Classroom Management/Community Building
It never failed. Every year at the end of the school year when we opened up our report cards to see what teacher we would have the next year, the name on my report card was without fail the teacher no one wanted. They were mean or strict or tough. And I would begin every year with fear and trepidation…and end up loving those teachers wholeheartedly. I have been privileged throughout my life with amazing teachers. Not only were they innovative in teaching, but they recognized their students as individuals, challenging us to, not only do our best, but to BE our best.

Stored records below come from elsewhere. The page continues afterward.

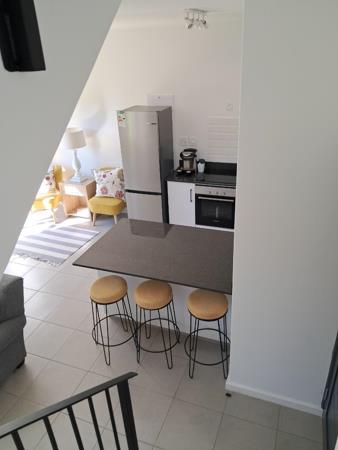 There are two bedrooms upstairs both with sliding fitted cupboards. The master room features an en-suite and balcony which overlooks the greenbelt and good sunrise. The second bathroom is fully fitted shower, toilet, and basin. Two allocated parking bays, one covered, and the other opened with ample guests parking. This apartment truly reflects the lock-up-and-go lifestyle. It provides the perfect opportunity for monthly rental income. The estate is pet friendly and allows 2 pets - both cats and dogs welcome with permission (however the garden is currently not fenced). This well-managed and secure estate offers 24-hour guarded security at the entrance, and a bonus is that this complex has facial recognition technology plus an electric perimeter fence.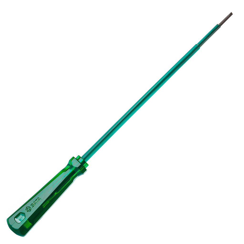 Chave De Fenda Isolada com cabo PVC translucido verde 5/16x10" SATA com haste isolada de acordo com NR10. Garante proteção ao profissional quando utilizadas em trabalhos com áreas energizadas.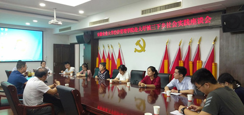 随后,王伟一行来到大圩镇人民政府会议室召开暑期“三下乡”社会实践活动座谈会。大圩镇人民政府党委委员对师生一行表示热烈欢迎,大圩镇人民政府搬迁办主任向师生们详细介绍大圩镇基本情况,指出在大圩农业发展中,我校师生给予了很多技术支持。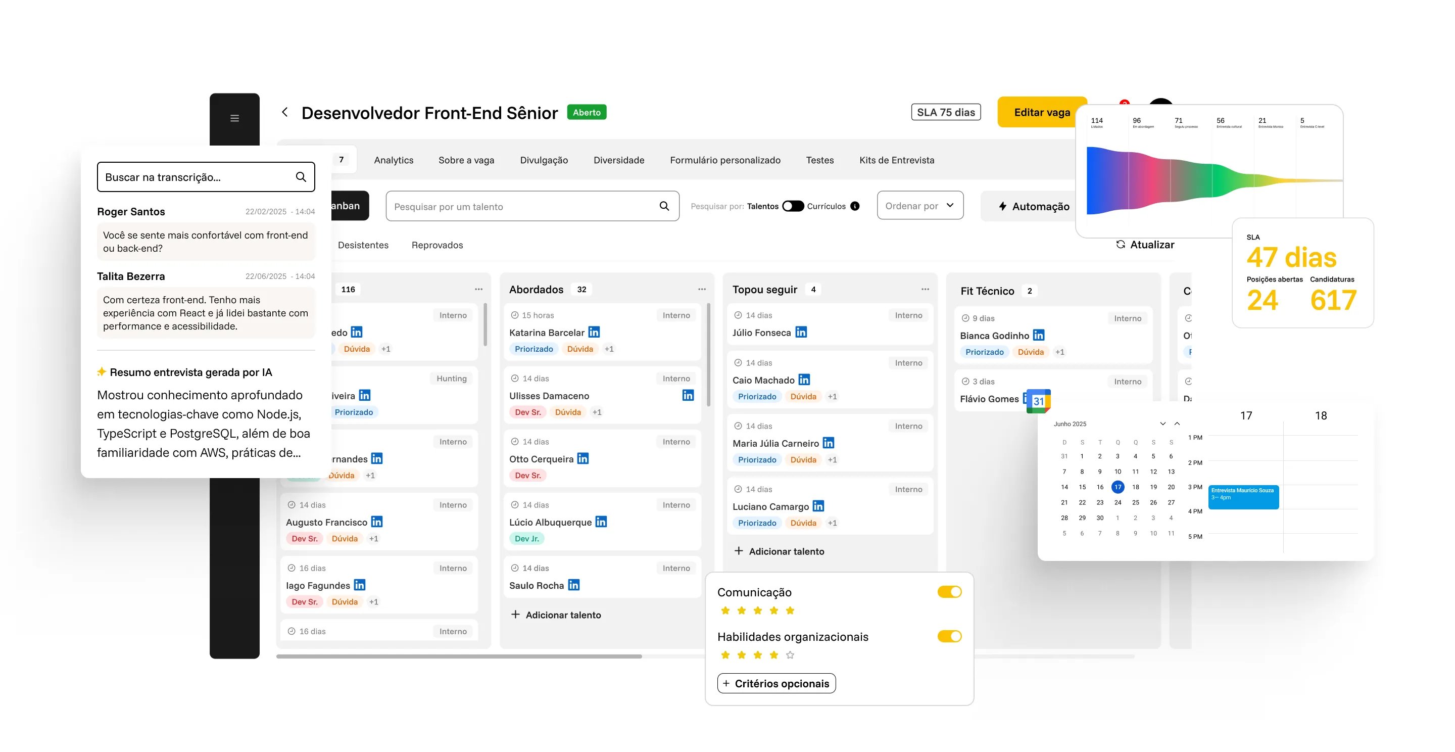 Organize seu processo em um só lugar, com triagem inteligente, entrevistas estruturadas e automações que economizam tempo.

In 4th grade, I had Mrs. Huffman. By reputation, she was hard as nails, but I will never forget the tears running down her cheeks when she read the end of Old Yeller and when the Challenger crashed. She was tough because she wanted the best for her students–inside the classroom and out. She wanted us to dream big…and she expected honesty and integrity in all things. Most importantly, she loved every single one of us.
My husband still trembles a bit when I mention my 7th and 8th grade English teacher, Mr. Wish (because who can say Wisniewski?!). His reputation for loudly reprimanding students could not be beat, but, trust me, every lecture was well-deserved. Even though he didn’t take any you know what, he cared deeply about his students and challenged us to accomplish more than we thought we could and to be more than average. Not only did he teach us English, but he expected us to be decent human beings (quite the feat for middle schoolers!).
Mr. Roberts was another Jr. High hero who taught math and science. I still think algebra is fun and the insides of frogs are beautiful because of him. He would tease us mercilessly, but he was like a second father to his students. It was so obvious that he cared about us that even the rowdiest of the bunch had his respect…and it wasn’t the giant paddle on the wall that created that respect (yes, those were the good old days), but the fact that, like any good parent, he did what he said he would do. He cared that we learned how to write a check and balance a budget just as much as he cared about our success in his class and also just as much as who liked who.
Each one of these teachers had completely different personalities, but they all managed to reach large classrooms of diverse students with both academic and life lessons that stuck. I may never live up to the reputations of the many phenomenal teachers who have graced my life, but I hope that my students know that I genuinely care about them and their success. The combination of raising the bar, truly caring, and showing students respect seems to set the foundation for a wonderful classroom environment. Really, I think classroom management can be summed up with one simple principle…treat others as you’d like to be treated.